Thailand's Prime Minister Anutin Charnvirakul delivered a policy statement to parliament outlining the government's strategy to stimulate economic growth through technology investments and trade cooperation, including plans to seek accession to the Organisation for Economic Co-operation and Development (OECD) [1]. Anutin emphasized the government's commitment to attracting investments in the digital and artificial intelligence sectors, aiming to advance Thailand's technological infrastructure and foster innovation-driven growth [1].
According to Anutin, joining the OECD would help Thailand improve its economic standards and promote international cooperation, particularly in technology and trade [1]. He stated, "Our government is committed to creating an environment that welcomes digital investments and encourages the development of artificial intelligence" [1]. The policy direction includes facilitating regulatory reforms and incentivizing investment in high-tech industries, positioning Thailand as a regional technology hub [1].
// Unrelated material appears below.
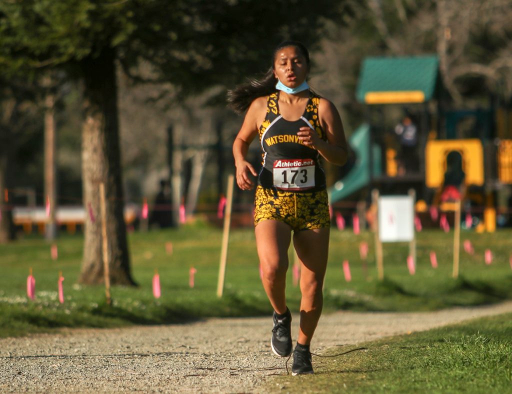 Pajaro Valley freshman Kimberly Aguirre (27:20) placed fifth, followed by freshman Lindsey Martinez (34:09) and sophomore Sara Molina (37:16) who finished sixth and seventh respectively.

While the speech did not provide specific financial figures, market analysis, or technical trading advice, it signals a focus on attracting foreign capital into technology-driven sectors [1]. This policy shift may influence investor sentiment in related Thai equities and industries, although no immediate market reactions or analyst opinions were cited [1].
CONCLUSION
Thailand's new policy direction under Prime Minister Anutin signals a strategic push toward technology-driven economic growth and international cooperation via OECD accession. Although concrete financial data and market reactions were not provided, the emphasis on digital and AI investments is likely to shape investor sentiment and future developments in Thailand's tech sector. The government's commitment to regulatory reforms and incentives suggests a medium-term impact on the country's competitiveness and investment landscape.